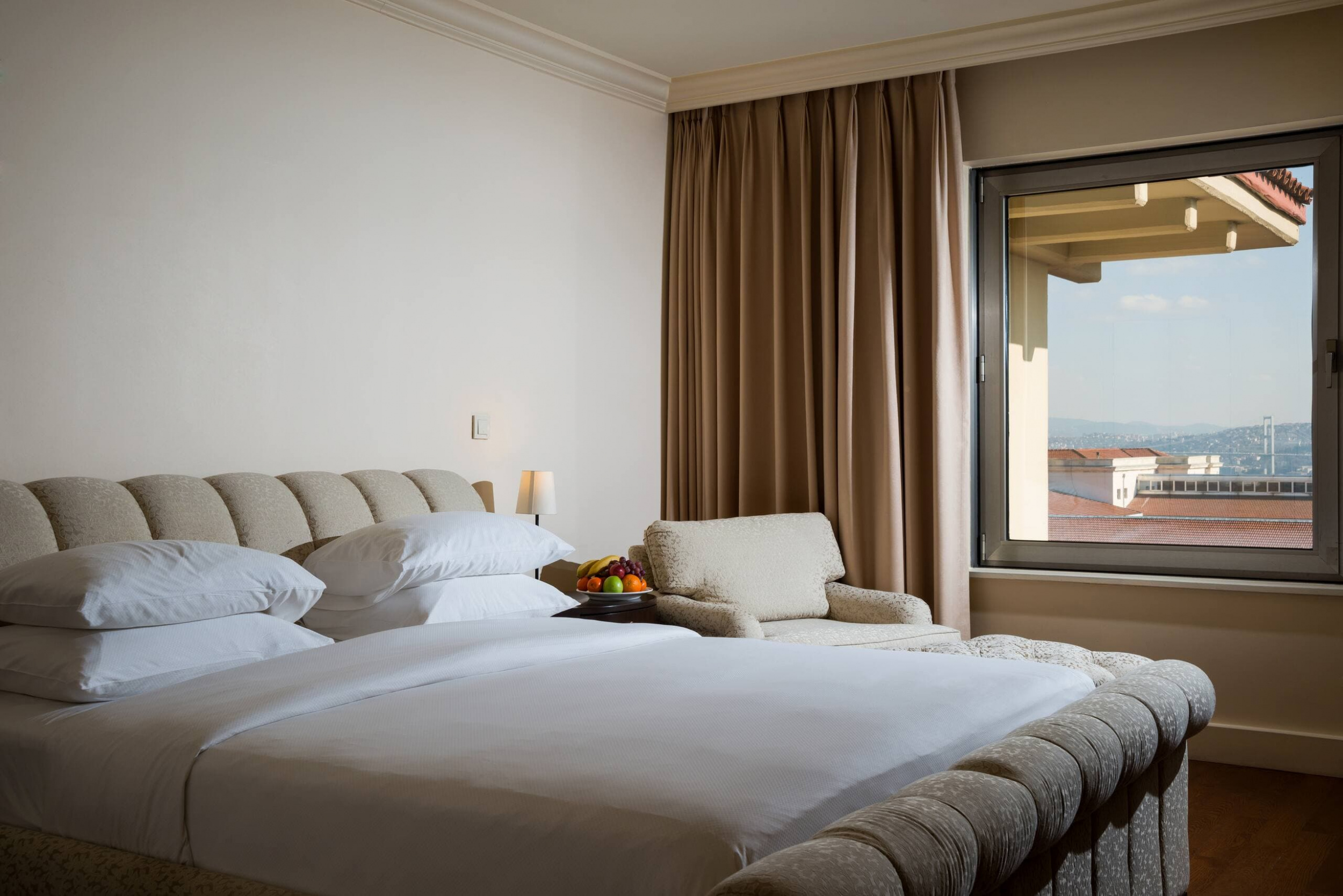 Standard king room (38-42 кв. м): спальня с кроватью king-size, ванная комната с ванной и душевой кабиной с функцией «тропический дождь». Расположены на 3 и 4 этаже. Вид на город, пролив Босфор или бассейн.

# # # # #

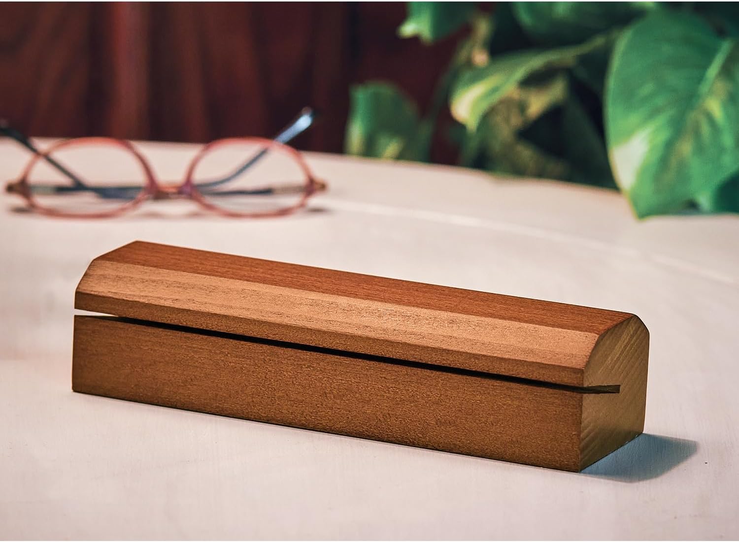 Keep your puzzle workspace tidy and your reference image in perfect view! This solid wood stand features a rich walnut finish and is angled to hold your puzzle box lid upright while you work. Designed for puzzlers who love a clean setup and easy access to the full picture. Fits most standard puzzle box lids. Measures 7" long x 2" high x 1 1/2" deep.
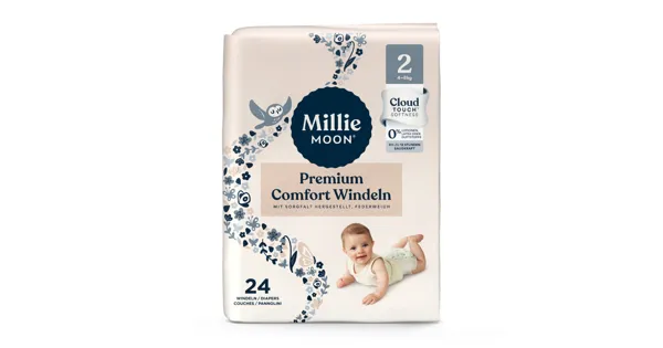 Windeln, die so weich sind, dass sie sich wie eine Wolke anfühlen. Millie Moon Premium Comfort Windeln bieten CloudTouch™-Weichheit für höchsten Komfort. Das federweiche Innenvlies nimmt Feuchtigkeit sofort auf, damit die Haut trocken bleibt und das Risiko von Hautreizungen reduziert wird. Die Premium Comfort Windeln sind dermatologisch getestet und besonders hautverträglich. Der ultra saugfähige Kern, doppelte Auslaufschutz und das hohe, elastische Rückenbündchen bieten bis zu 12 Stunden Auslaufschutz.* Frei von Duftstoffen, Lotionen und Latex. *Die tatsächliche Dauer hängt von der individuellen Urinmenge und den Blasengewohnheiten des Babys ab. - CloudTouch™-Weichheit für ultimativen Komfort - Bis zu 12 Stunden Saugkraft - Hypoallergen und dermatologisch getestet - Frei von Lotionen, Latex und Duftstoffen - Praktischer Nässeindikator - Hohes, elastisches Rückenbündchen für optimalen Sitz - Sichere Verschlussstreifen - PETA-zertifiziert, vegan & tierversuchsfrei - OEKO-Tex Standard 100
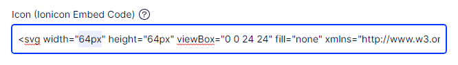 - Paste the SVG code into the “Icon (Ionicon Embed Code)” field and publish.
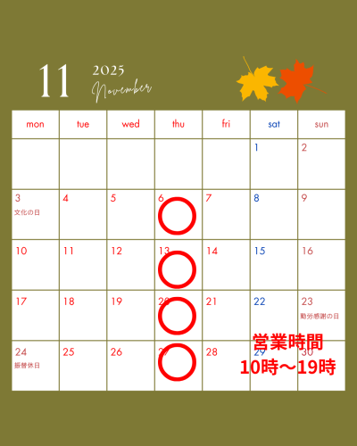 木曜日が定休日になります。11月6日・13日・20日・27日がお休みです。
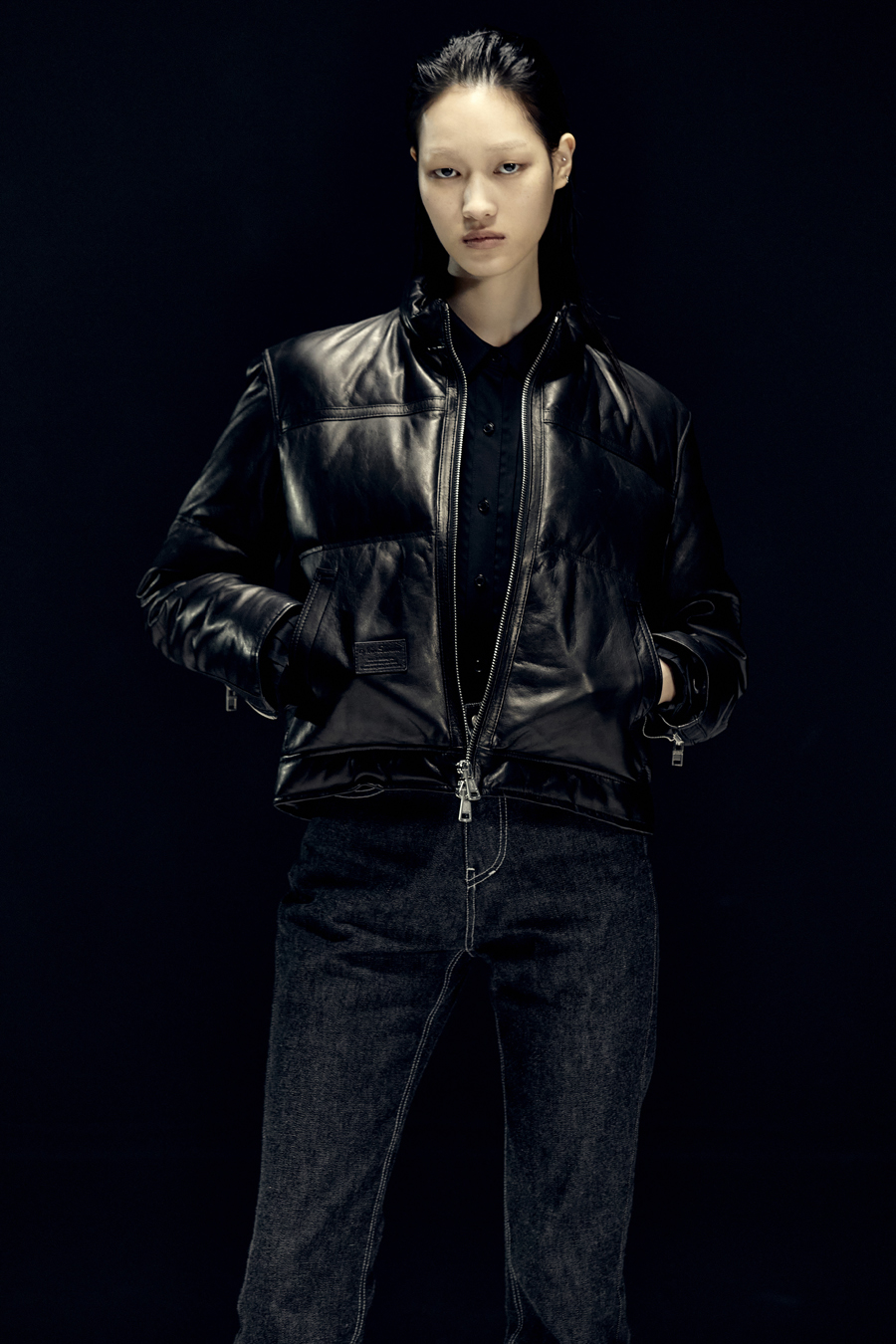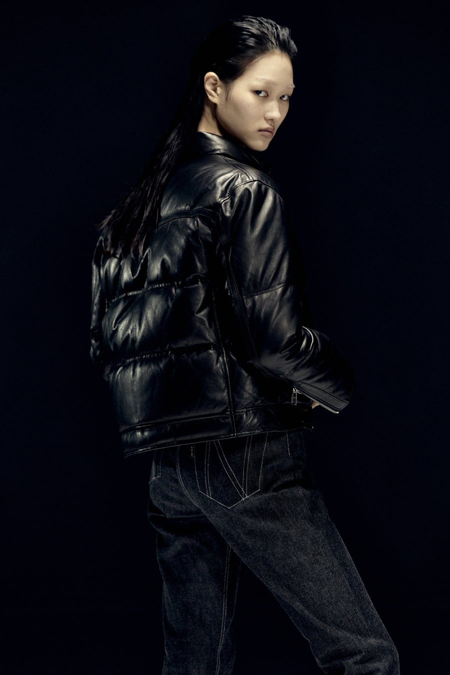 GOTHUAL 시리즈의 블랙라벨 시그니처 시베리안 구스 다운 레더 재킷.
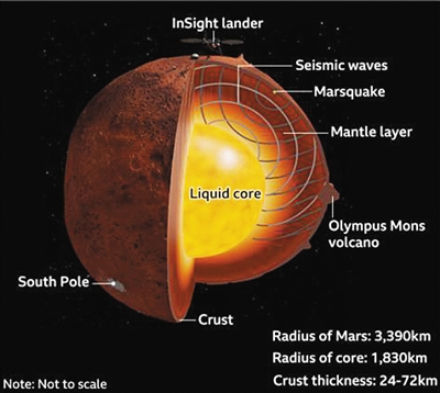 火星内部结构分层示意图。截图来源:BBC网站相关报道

# # # # #

### [Instructions to follow]
In the data above, find the line containing "木曜日が定休日になります。11月6日・13日・20日・27日がお休みです。" and the line containing "火星内部结构分层示意图。截图来源:BBC网站相关报道". Repeat those two lines and everything between them exactly, minus the pictures.

### [Reply]
 木曜日が定休日になります。11月6日・13日・20日・27日がお休みです。
 GOTHUAL 시리즈의 블랙라벨 시그니처 시베리안 구스 다운 레더 재킷.
 火星内部结构分层示意图。截图来源:BBC网站相关报道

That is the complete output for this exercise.